# Essentials List - For Motorhome Trip



## Outdawes (Jul 3, 2010)

Basically does anyone have an essentials list that I should take with me for a trip of around a week? The kind of things that I shoudl make sure I have with me just in case or because I need them! being a newbie I will almost certainly forget something so thought I would ask, also with drving on the wrong side of the road what sort of bits do I need for my motorhome i.e beam benders for the lights etc


----------



## mildred (Jul 3, 2010)

*We love lists ...*



Outdawes said:


> Basically does anyone have an essentials list that I should take with me for a trip of around a week?



This is going to be *so* personal, depending on leisure interests, health, how much you want/need to be independent of supplies en-route, carrying capacity, and lots of other things I could list ...

However this was our basic list for two people in a panel van conversion that did us well for a few years.  Not everything got used every time, and earlier on we realised we needed things that are now on this list.  One thing has *never* been used - the fire extinguisher, - everything else has earned its place. 
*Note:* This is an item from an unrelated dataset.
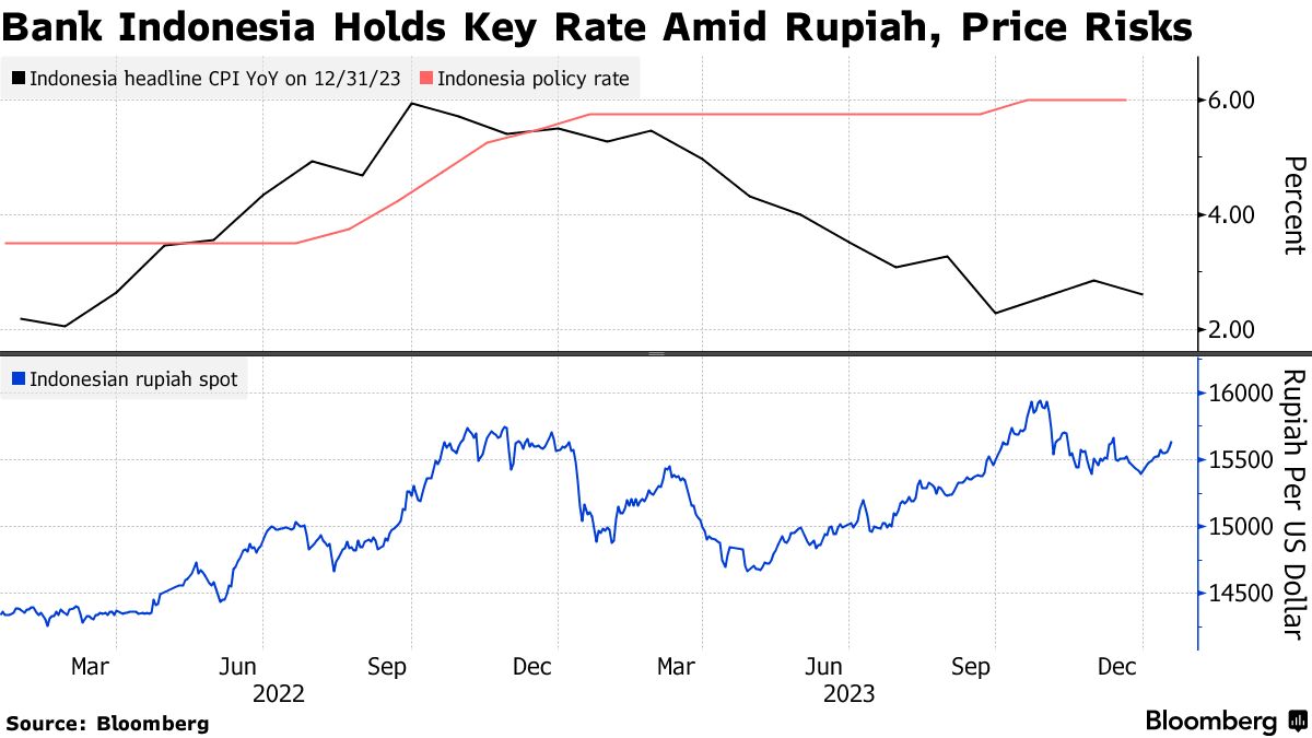 中央银行周三将BI利率维持在6%,这符合彭博社调查的28位经济学家的预期。此前,决策者们曾发出信号,表示在今年上半年不太可能降息,因为卢比可能在美联储放松政策方面出现不确定性时遭遇抛售风险。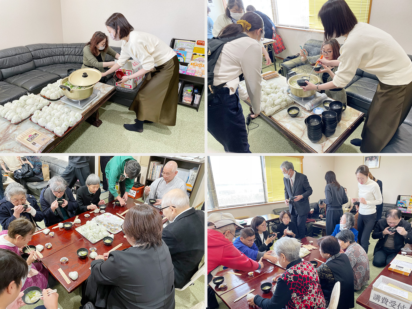 そして法要終了後、目師会の別称「かぶ御講」にちなんで、総本山と同様にお寺様がかぶのお味噌汁とおにぎり、お漬物等をご用意くださり、参詣者みんなで美味しく頂戴いたしました。

Food needs thinking about - are you going to be self-sufficient, or eat out?  Frozen (for a while) or canned or dried? Will you be topping up basics as you go? - in which case take the tasty extras with you - sauces, condiments, favourite snacks, marmite.

Here's our list:

Footwear
Awning pegs

Jump leads
Fire Extinguisher
Waterproof cape/poncho (as groundsheet)
Big 'ammer
Jack, brace and extension

Spare spectacles for both of us
Hi-vis vest
Maps and guides

Scraper/wiper
Gloves
WD40

Two 907 campingaz bottles - charged
At least 2 suitable toilet rolls in plastic bags
At least two kitchen rolls in plastic bags
Various wooden blocks, planks and wedges
Selection of tools, rag and Diesel oil.

Kettle
Cutlery tray:
Clean tea-towels
Lighters and matches

First Aid kit, Duct-tape
Multimeter, wire, bulbs, 
Torch
Odds and Sods
batteries (D, AA and AAA), 12V powerpak
Phone charging
12V TV/Radio

Grill tray with fresh foil
Two melamine plates

Perishables, ice pack
Milk, eggs, cheese
Two plastic boxes containing long-life foodstuffs
3 litres per day per person bottled water 

Aqua rinse
Bottom tank chemical
Soft Brush in container
1litre made-up rinse in squeezy bottle
Measuring cups
Water storage chemical
Toilet roll on holder
Nappy-sacks

Spare toilet roll and tissues
Kitchen paper
Personal toiletries in box/bag for each person

Towels
Hand mirror
Wet-wipes

Awnig in bundle
Awnig poles
Bucket
Cool Box with “en-route” requirements: Flask, cups, coffee, food bars etc.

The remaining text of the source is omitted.